I hiked onward, still seeing the storm ahead of me zooming into the northern skies. I left the ridge at a saddle on a somewhat good trail. That's how it goes in these wild parts. Wildfires burn and burn widespread areas and leave a destroyed and barren landscape. Wildlife survives and finds a way, new plant life emerges and changes the looks of the land, water melts and flows unimpeded without a viable root system of the trees and lack of topsoil -- the landscape changes so drastically after a devastating wildfire. Then, a hiker encounters a lush forest at the burn scar boundary and instantly follows a good trail. I made up some time on this decent trail that wiggled through dense forest and lush meadows. I had lost some time dodging and taking cover from the storms throughout the day. I had to make up for some time somewhere. I knew losing a few hours here and there would affect my food rationing, so I hiked on into the evening under foreboding skies. Cumulus clouds circled back and I began to look for cover in a forested area. Raindrops pelted my tarp tumultuously, as I laid down nervously in a hollowed out swale not too suitable for a camp. I had no choice, nonetheless, and I slunk into my quilt as flashes of lightning upticked the pounding of rain onto my tarp.

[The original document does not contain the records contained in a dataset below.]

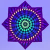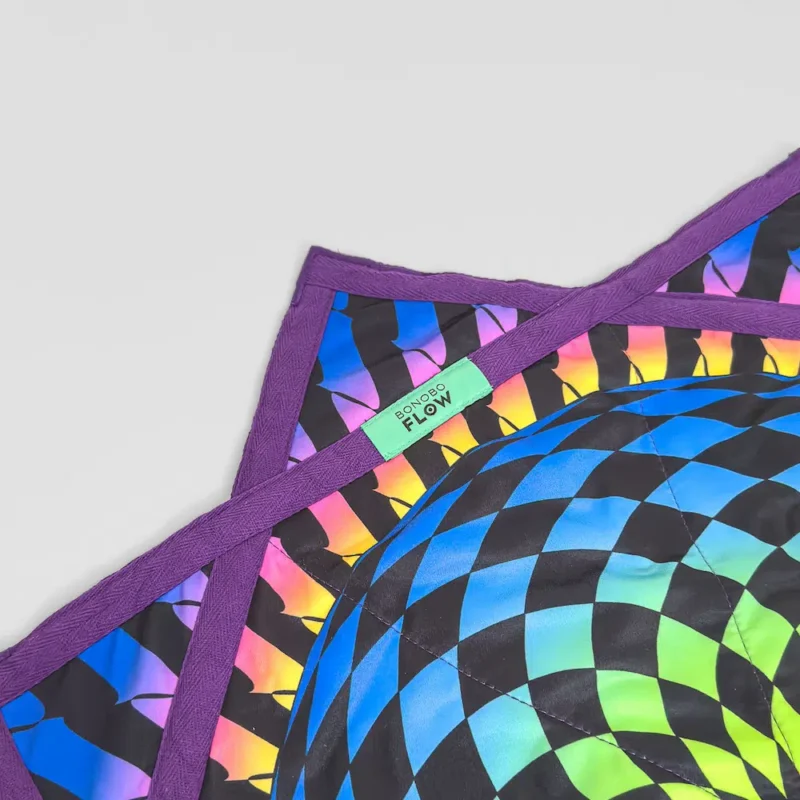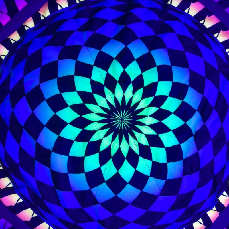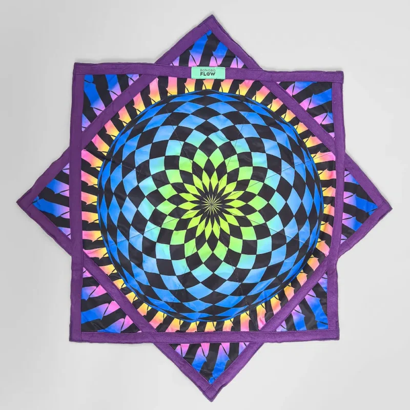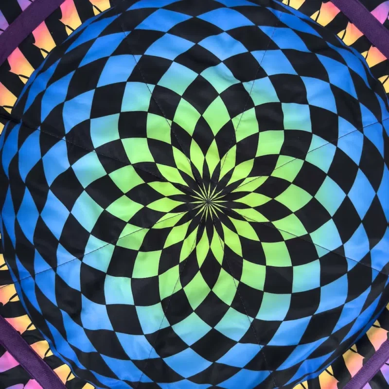 The Harlequin Halo Flow Star (aka Dapo Star) features a dynamic, circus-inspired design. At its center is a spiraling checkerboard pattern alternating between black and vibrant colors—emerald green near the center, transitioning to blue further outward. Encircling this checkerboard spiral is a striking bright-yellow glow, accented with subtle hints of purple near the outer edges, reminiscent of a radiant sun. Designed as a flat, lightweight spinning disc, this Flow Star offers smooth, effortless spinning to enhance your flow arts practice or performances.
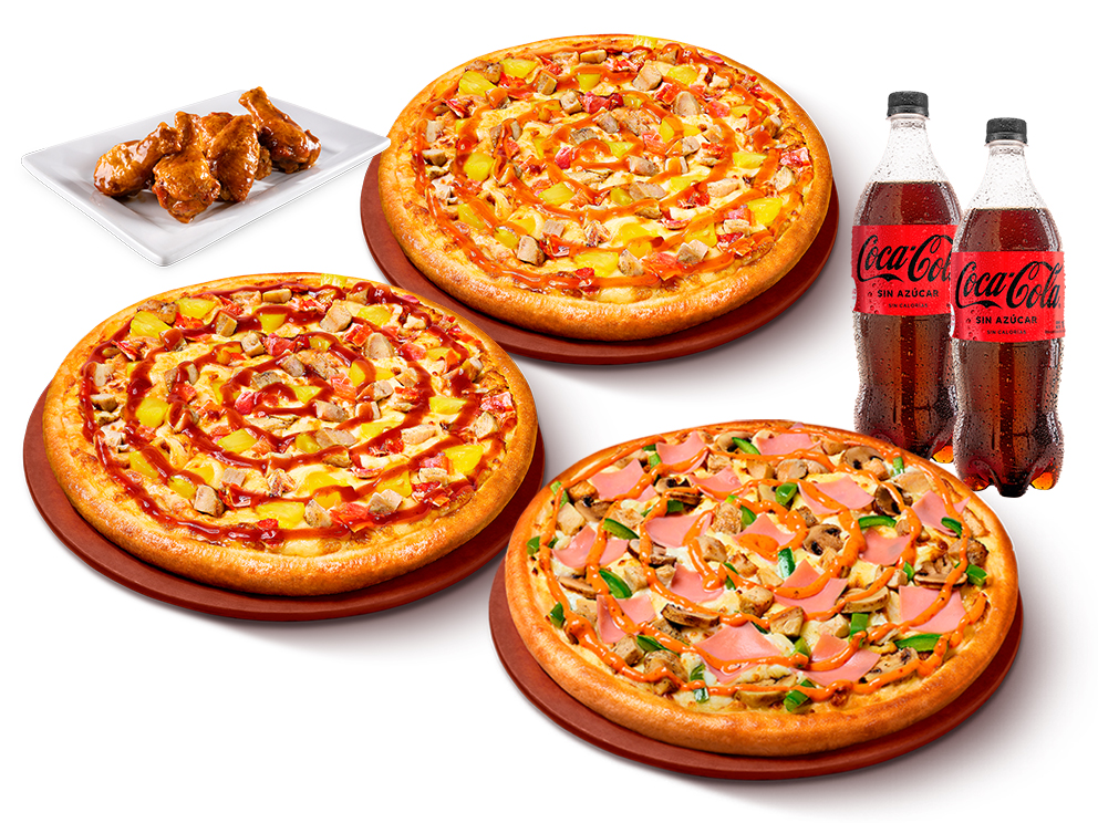 ¿Plan con amigos? 3 Pizzas Grandes Chicken Suprema, 1 bebida de 1L y 6 Alitas.
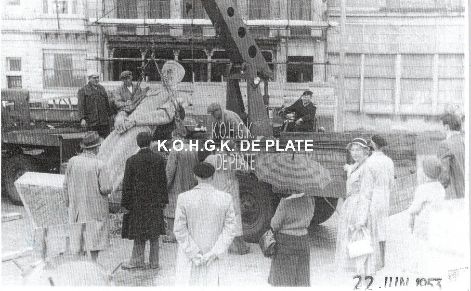 Afdruk. - Formaat : 14 x 19 cm. - Eén van de beelden van het Monument voor de Zeelieden dat in de loop van 1953 opgetrokken werd.
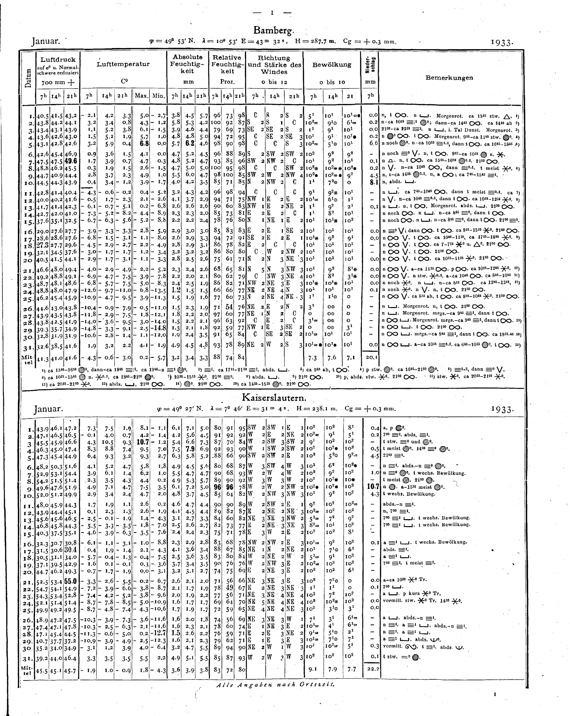 Tägliche Beobachtungen der Stationen II. Ordnung
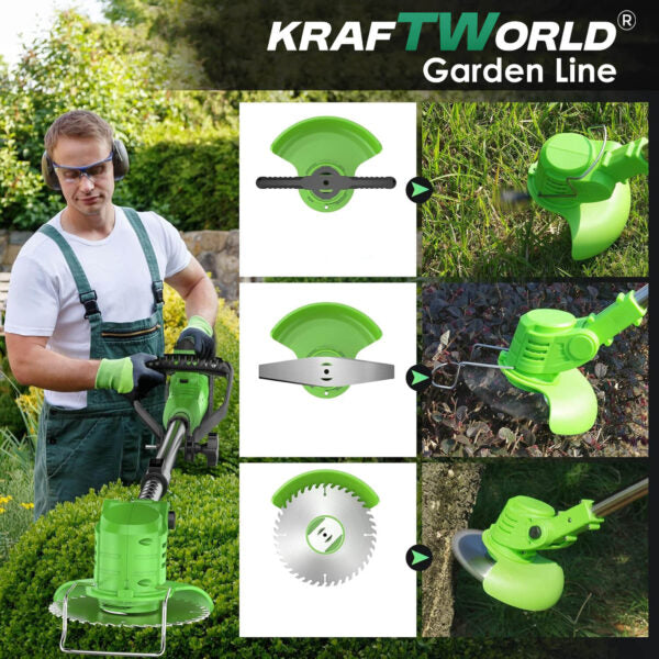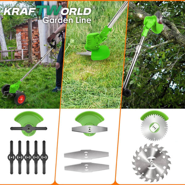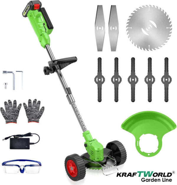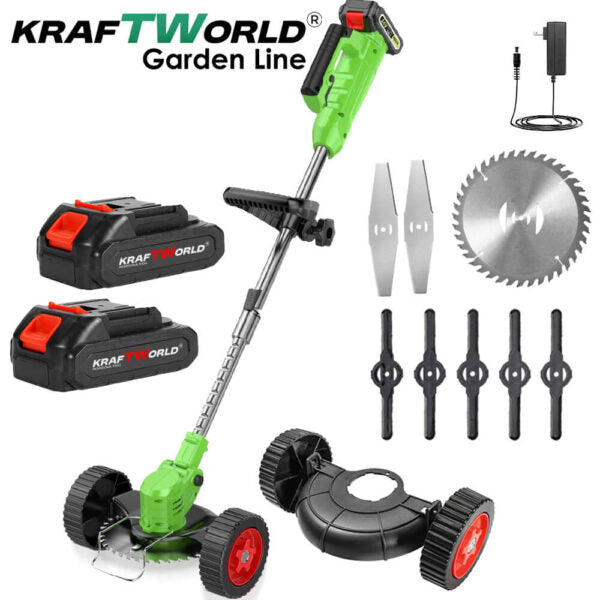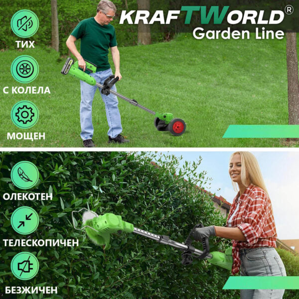 Акумулаторен Тример KraftWorld 36V 8Ah с Колела – Мобилна Косачка за Трева
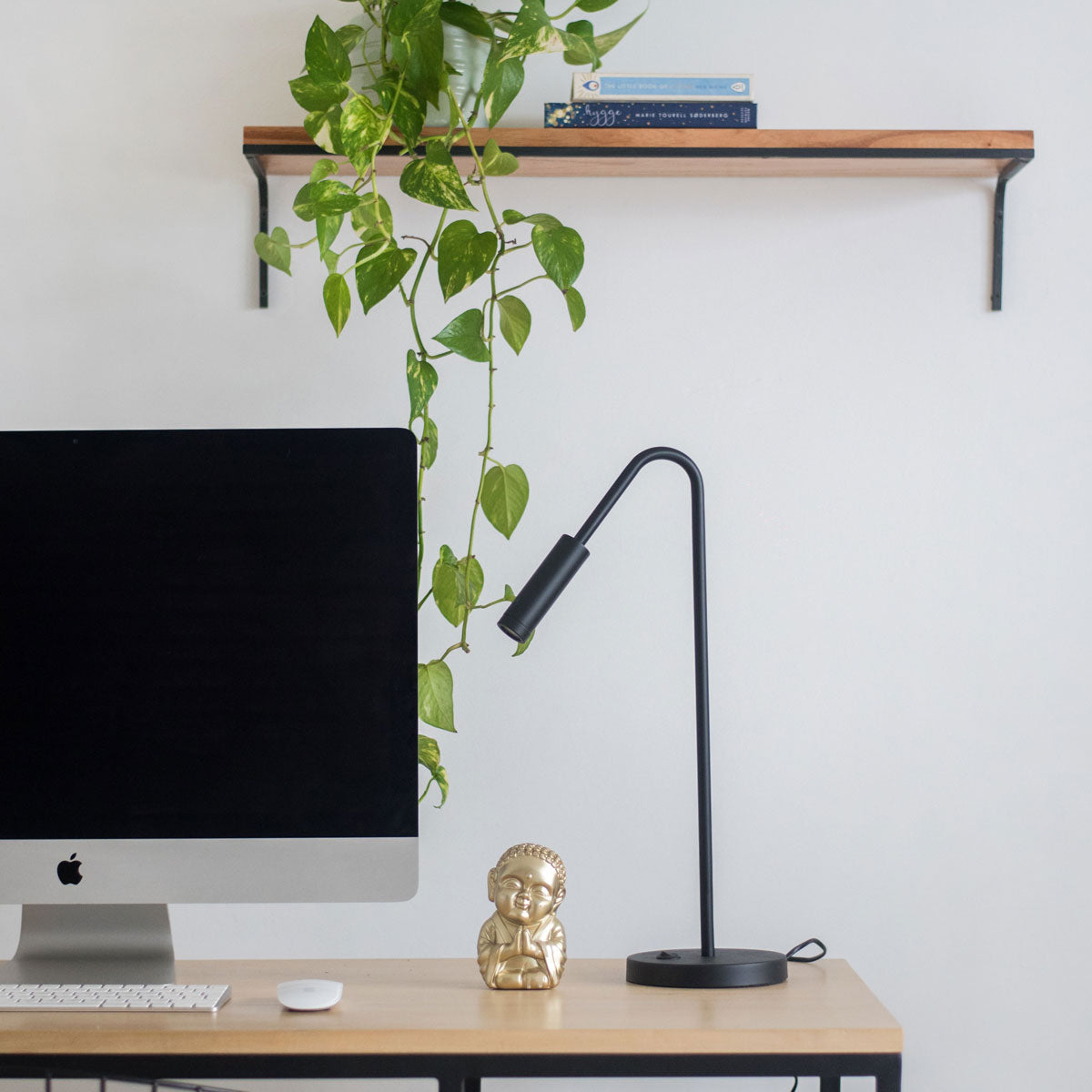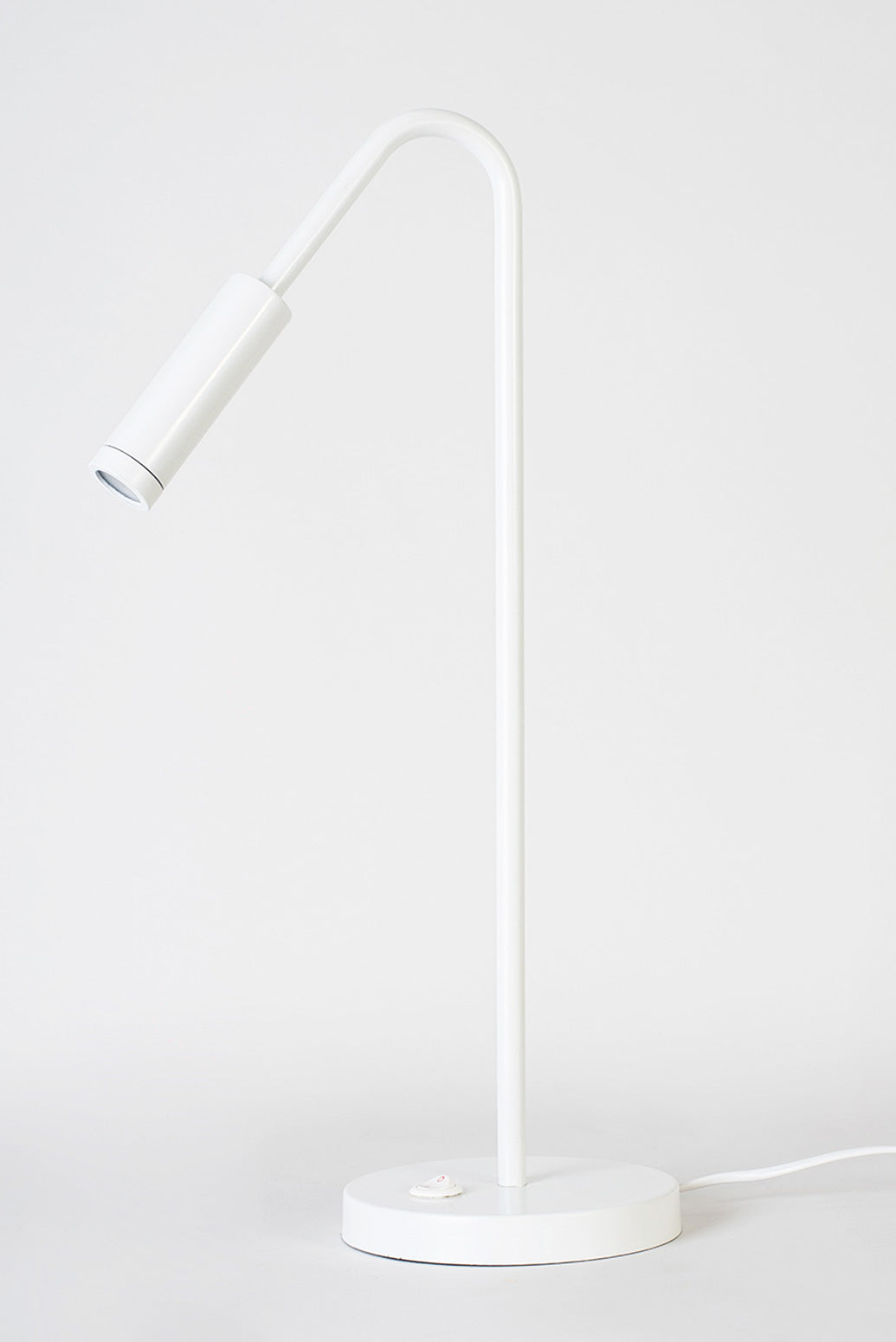 Cabezal fijo en pedestal curvo. Base torneada a mano con interruptor ON/OFF y cable inyectado.

At some point in the night, the rain ceased and I woke up to everything being damp from the moist air and the dripping trees. I got up a little antsy not knowing what the day would bring. Would I continue to dodge storms amidst destroyed trails? How many trees would I have to climb over today? Both thoughts gave me an unending feeling of anxiety. I brushed away the greenery soaked from the previous night's rain that lined the trail. A carwash is what us thru-hikers call it. And, I was in the midst of a thorough drenching. Of course, I encountered a burn area. I hiked, scrambled, and picked my way through the burn area over hundreds of downed deadfall. The trail was gone and I followed only the contours of my map and of the terrain. While hopscotching over treacherous downed trees, I gouged my shin on a stob. I let out a yelp in the cool morning air and a young bull elk leapt from some thick brush about a 100ft away from me. He sprinted away, but then began to act strangely. He kept flanking back by me as if some territorial behavior of a perceived threat, or out of just plain curiosity. Maybe I was the first human this young bull elk had encountered. His odd behavior continued for about two miles up the drainage all within the burn area. These two miles went by slowly and I felt to really gather an experience with this young bull. I could see his ratty fur and short and stubby tines. I was amazed at how easily he traversed through the ravaged terrain simply hopping and jumping over piles and piles of logs. I excruciatingly kept on trying to keep pace. He would stop and wait for me to get within that 100ft barrier and then leap away. After those slow two miles, he crossed the creek and disappeared from me forever. A mile or so later, I stumbled out of the burn scar with my shin welting up with a bloody contusion. Then, with the snap of a finger, I was back on a better trail, the memory of the young bull elk supplanted with a knotty contusion..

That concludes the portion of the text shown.